Dr. Afriyie Akoto made the remarks at the Oti Regional Coordinating Council (ORCC) on Sunday, November 6, 2022.
He noted that Oti Region has a number of valleys that could be suitable for rice production, therefore, urged farmers in the region to take advantage of it.
He was excited that Oti Region, which did not have rice-producing potential now has a different narrative.
He could not understand why Ghana should import food items from foreign countries while “our soil supports different kinds of crops.”
“Going around the country, I see great agricultural potential, so why should we continue to import food items?” He quizzed.
Dr. Afriyie Akoto urged the farmers to save the proceeds from their labour and inject it into their businesses.
In that case, he said, they would be able to raise enough funds to buy machinery.
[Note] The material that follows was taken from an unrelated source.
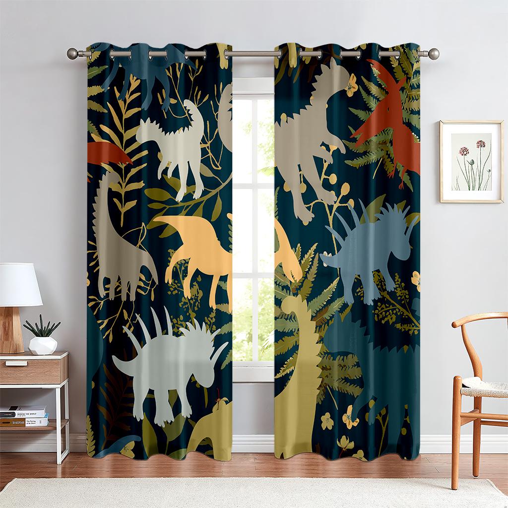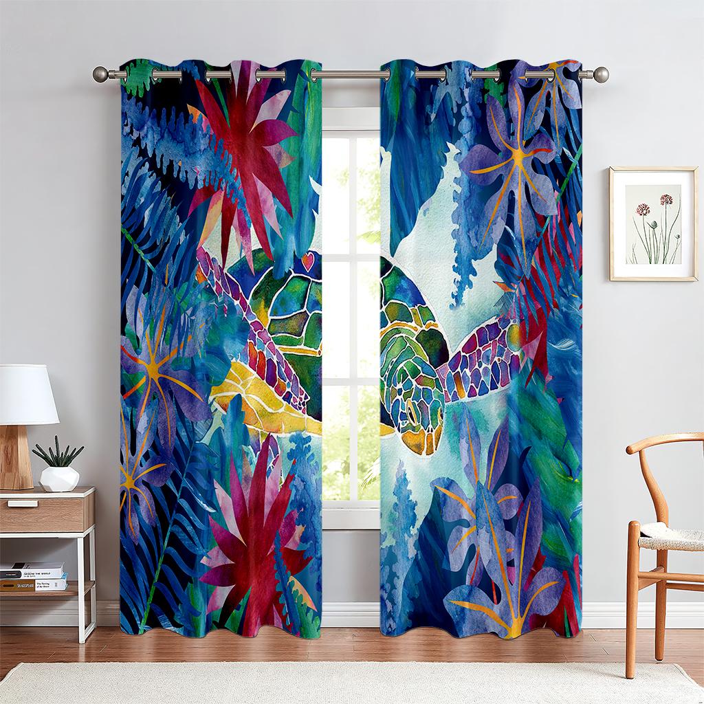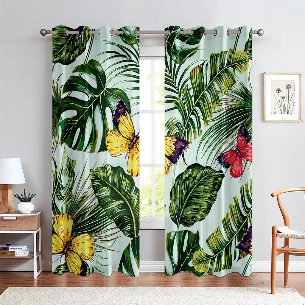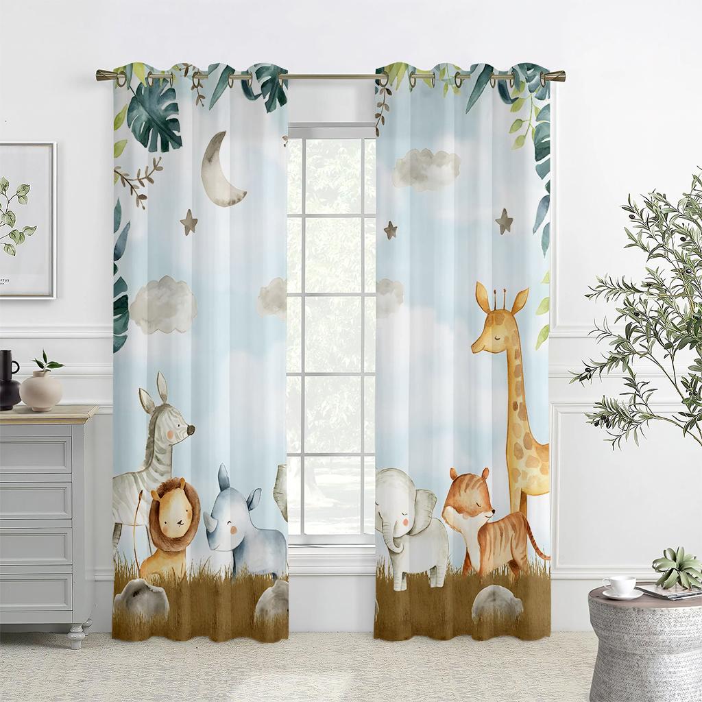 Шторы с принтом животных в тропическом лесу, полузатемняющие, шторы с карманами на штанге для кухни, кафе, гостиной, украшения дома
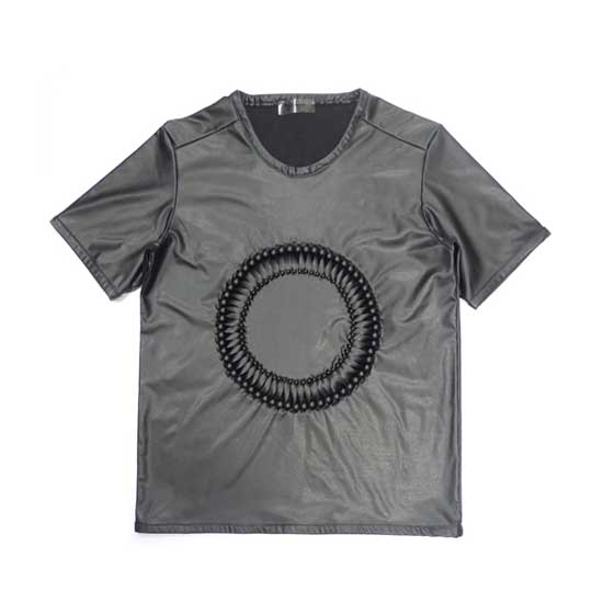 This fashionable T-shirt features a beaded circular design on the front. The finely manufactured T-shirt delivers satisfying wearing comfort. It is a great option for you stylish wardrobe.

He however added that he would table the requests of farmers to the government and get them feedback on the Government’s decision.
“The time has come to increase yield and that can happen by mechanizing agriculture,” he averred.
The Regional Agricultural Director for Oti Region, Mr. Oberien Nyarko, was hopeful the region will step up the production of foodstuff to at least feed the region.
He maintained that foodstuffs in the region cost less but when transported to the cities, the prizes are inflated to unreasonable levels.
For instance, he disclosed during a presentation that a tuber of yam costs GHS10.00 at the farm gates but when transported to the cities, it is sold at GHS24.00.
The minister also used the opportunity to vehemently debunk the assertion that there was a food shortage in the country.